I like how the singer/songwriter, David Kauffman words it in his song, “I Will Make this Day My Prayer”:
I will make this day my prayer. I will give you everything that I am and do today. I will give you all my cares. All my joys and sufferings, I will make this day my prayer.
- God wants everything we are – both the good and the bad
- He wants to be in constant relationship with us
- Living our lives as a prayer is one way to do this
In All Circumstances Give Thanks
As some of you know through the St. Joseph prayer chain, or via social media, our six-year old granddaughter, Claire contracted a staph infection that is ravaging her little body. I like the lesson our daughter Jenny tried to teach Claire the first night in the hospital – to look for the things you are thankful for in the midst of her pain and suffering and fear. Things like: TV shows that distract Claire; compassionate caregivers who help make her comfortable; friends and family who pray for her and send their good wishes; and purple Popsicles and grape Slushies that help soothe her pain.
- Sometimes it is difficult to see God in pain and suffering
- But we know God is always with us; by the people who surround us in love
Don’t Quench the Spirit
Paul also instructs us: “Do not quench the Spirit.” As important it is for us to move closer to God, it is equally important that we allow God to move closer to us. To keep the fire burning, we have to “make room” for God in our lives.
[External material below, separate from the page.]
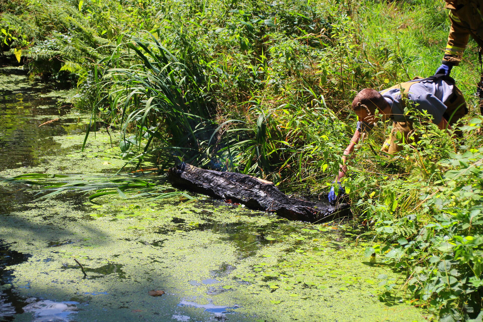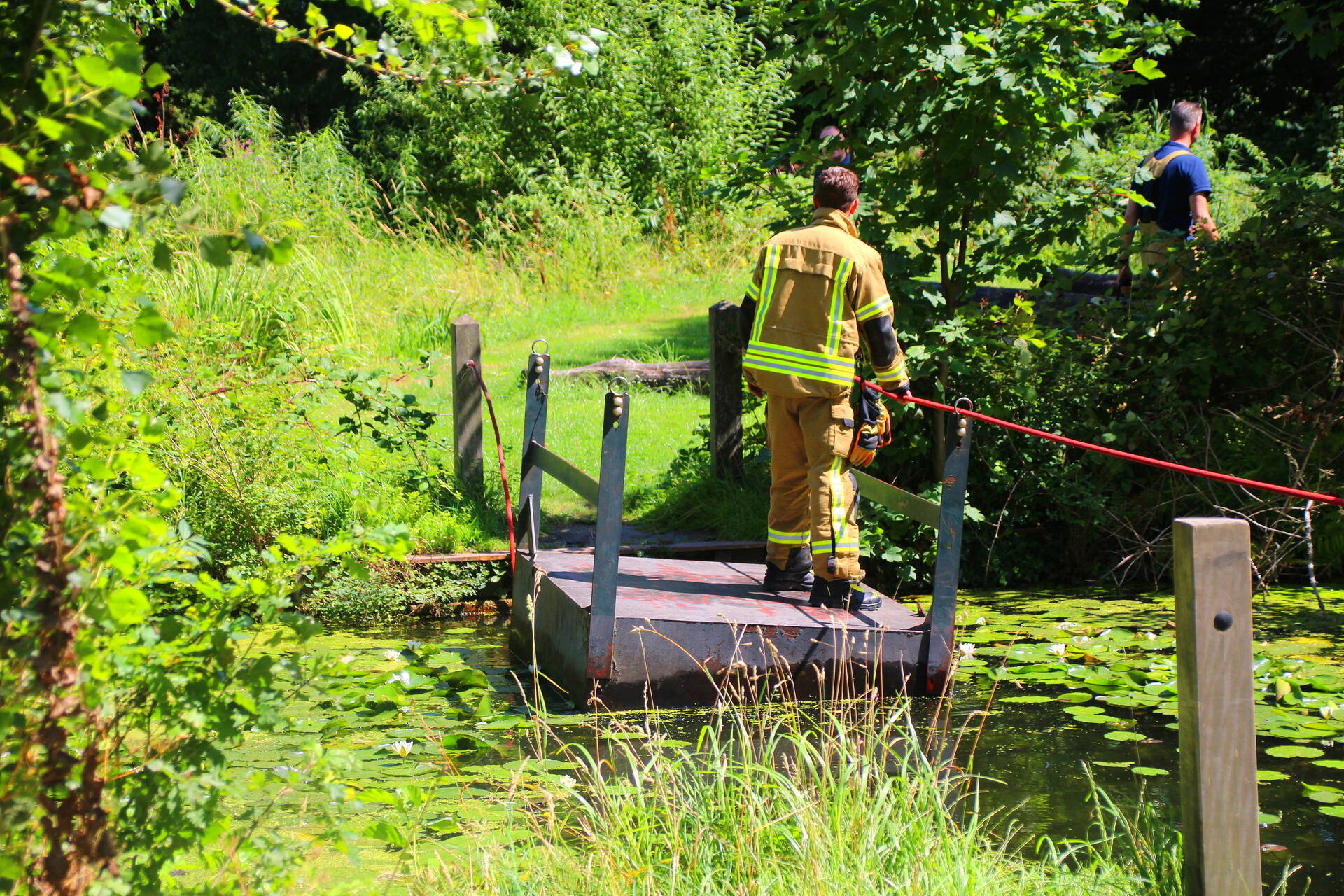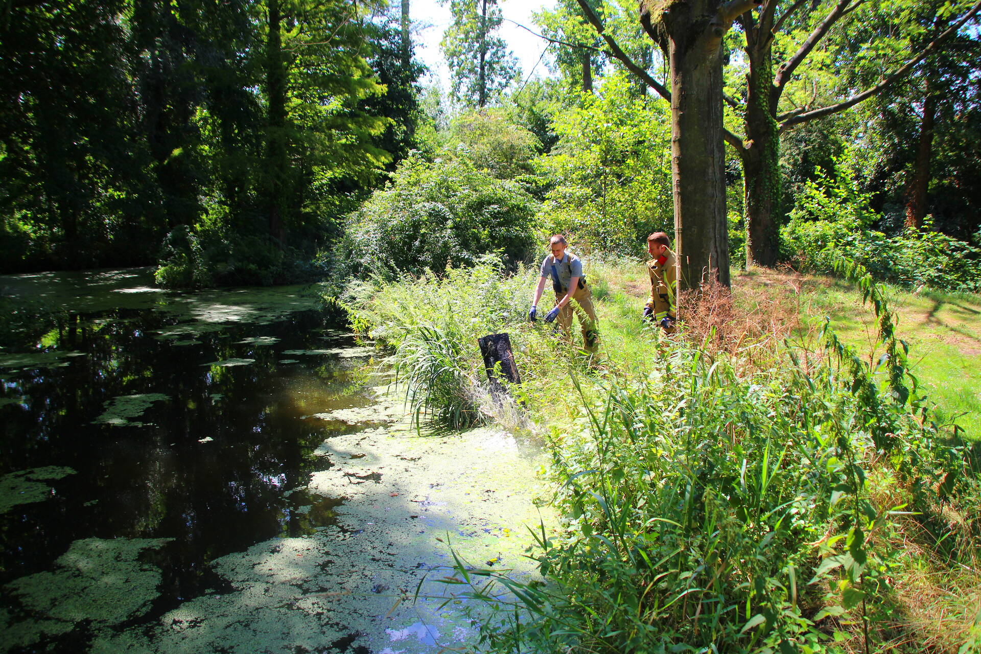 Bij het incident ging het om een boomstam die in brand was gestoken. De brandweer gebruikte een kettingzaag om het brandende deel weg te zagen en dit vervolgens in de sloot te gooien. Om de brandhaard te bereiken, moesten de brandweerlieden het water oversteken met behulp van een trekpont.

We have to be willing to accept His love, and to accept the love of others. We have to be willing to reconcile with God, and with those who we may find difficult to love.
That’s the greatest way to experience joy: To be in communion with God, and communion with each other!
Advent and Christmas are wonderful opportunities to reconcile with friends and family. Be like a “super moon” and make the first step toward forgiveness. Let your heart grow larger by your example of love and mercy.
This week, as we wait in joyful hope, let us:
- Open our hearts and minds to God’s invitation to grow closer in relationship with Him
- Let us trust in God – that He is always with us, and always loves us
- Remember the power of reconciliation and the joy of allowing others into our lives.
I pray you all enjoy a blessed and joyful Christmas!